* Task to complete *
The result should be the lines from the one that contains "Jhoan Duran - 2025" to the final line of the entries below, copied exactly and with no pictures.
--------------------
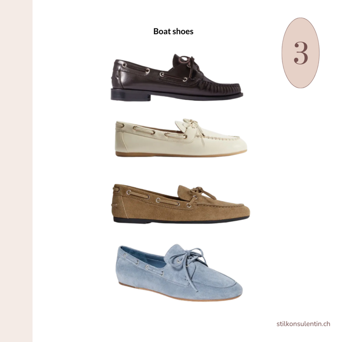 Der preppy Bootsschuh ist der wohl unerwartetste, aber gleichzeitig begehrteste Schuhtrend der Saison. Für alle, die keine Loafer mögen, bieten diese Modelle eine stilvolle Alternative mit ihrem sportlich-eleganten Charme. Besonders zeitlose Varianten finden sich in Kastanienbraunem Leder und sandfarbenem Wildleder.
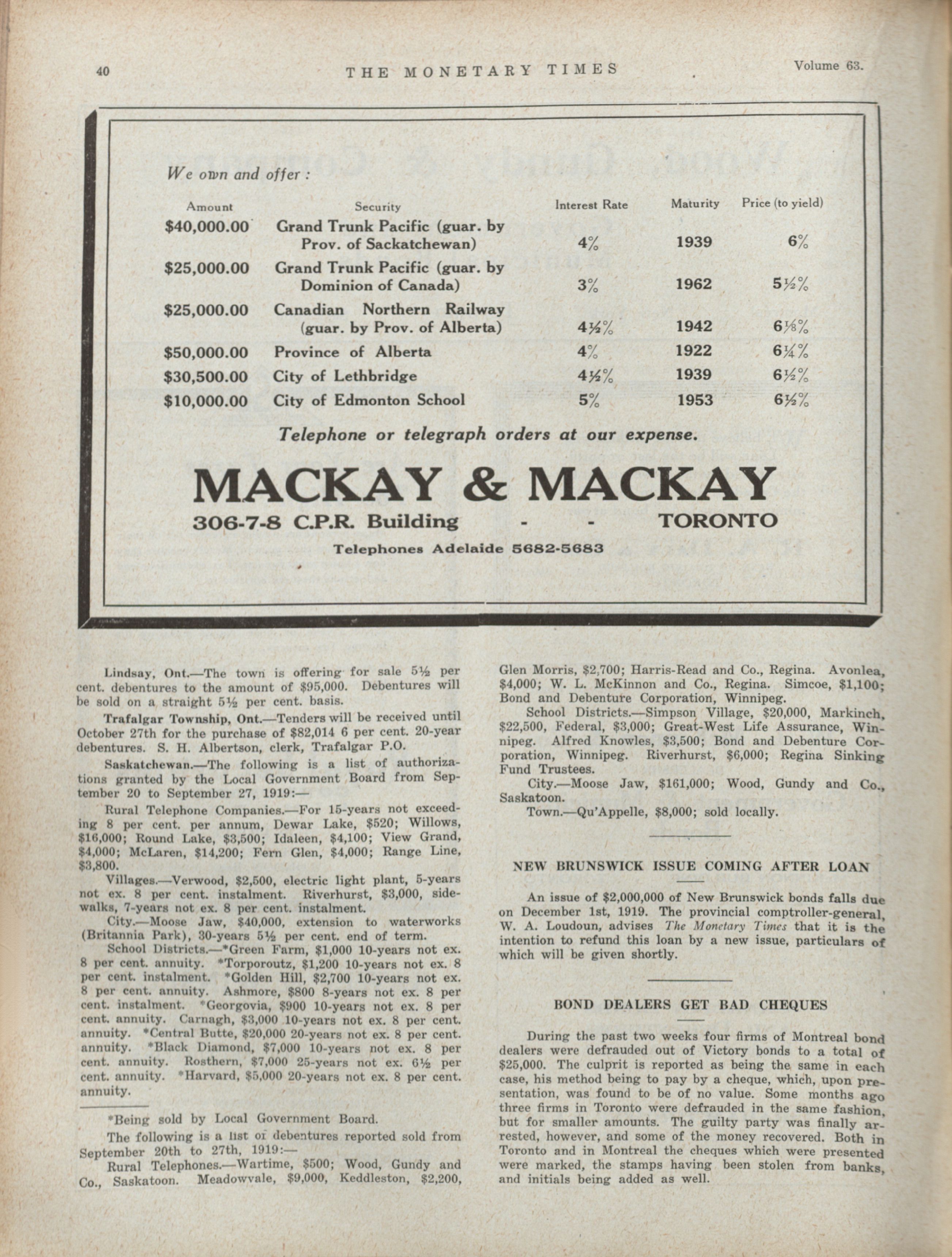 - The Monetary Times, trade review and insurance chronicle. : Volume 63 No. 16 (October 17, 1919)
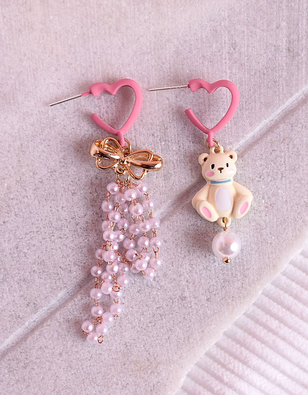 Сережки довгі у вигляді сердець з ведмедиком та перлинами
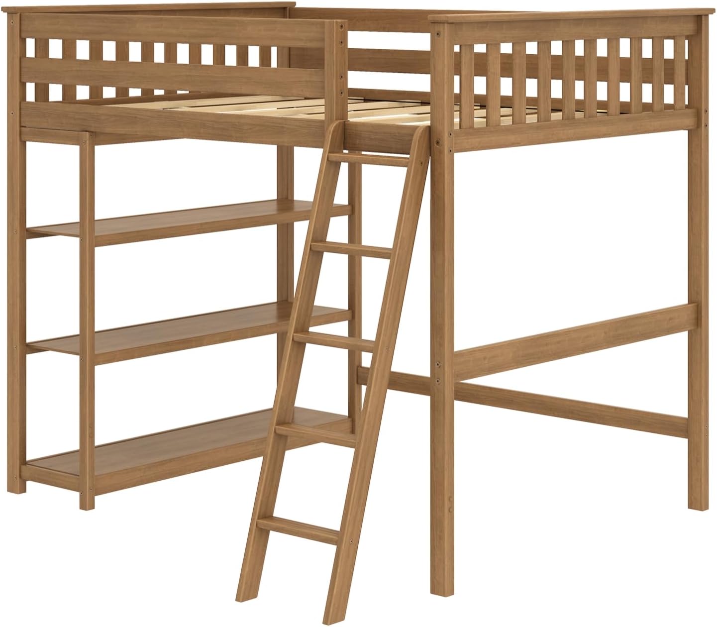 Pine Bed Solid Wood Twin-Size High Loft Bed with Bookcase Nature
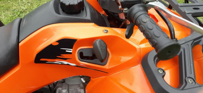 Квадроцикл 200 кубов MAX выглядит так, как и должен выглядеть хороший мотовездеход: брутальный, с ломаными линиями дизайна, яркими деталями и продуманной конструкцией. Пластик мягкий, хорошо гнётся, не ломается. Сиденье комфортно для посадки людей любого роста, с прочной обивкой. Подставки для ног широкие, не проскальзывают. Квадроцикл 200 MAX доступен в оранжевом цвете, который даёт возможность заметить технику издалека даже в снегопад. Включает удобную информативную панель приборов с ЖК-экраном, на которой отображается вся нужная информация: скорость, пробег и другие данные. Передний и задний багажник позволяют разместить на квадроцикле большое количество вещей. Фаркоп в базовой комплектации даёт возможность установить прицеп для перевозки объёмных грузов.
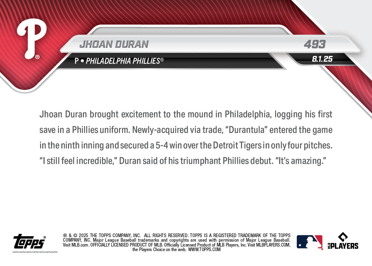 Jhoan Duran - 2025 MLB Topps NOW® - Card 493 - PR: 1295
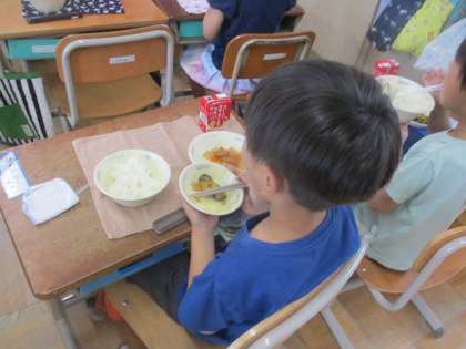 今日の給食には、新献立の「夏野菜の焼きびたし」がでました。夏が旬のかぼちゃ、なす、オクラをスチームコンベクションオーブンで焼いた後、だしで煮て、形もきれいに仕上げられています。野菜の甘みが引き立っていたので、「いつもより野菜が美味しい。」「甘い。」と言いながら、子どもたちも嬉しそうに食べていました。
--------------------
* Written answer *
 Jhoan Duran - 2025 MLB Topps NOW® - Card 493 - PR: 1295
 今日の給食には、新献立の「夏野菜の焼きびたし」がでました。夏が旬のかぼちゃ、なす、オクラをスチームコンベクションオーブンで焼いた後、だしで煮て、形もきれいに仕上げられています。野菜の甘みが引き立っていたので、「いつもより野菜が美味しい。」「甘い。」と言いながら、子どもたちも嬉しそうに食べていました。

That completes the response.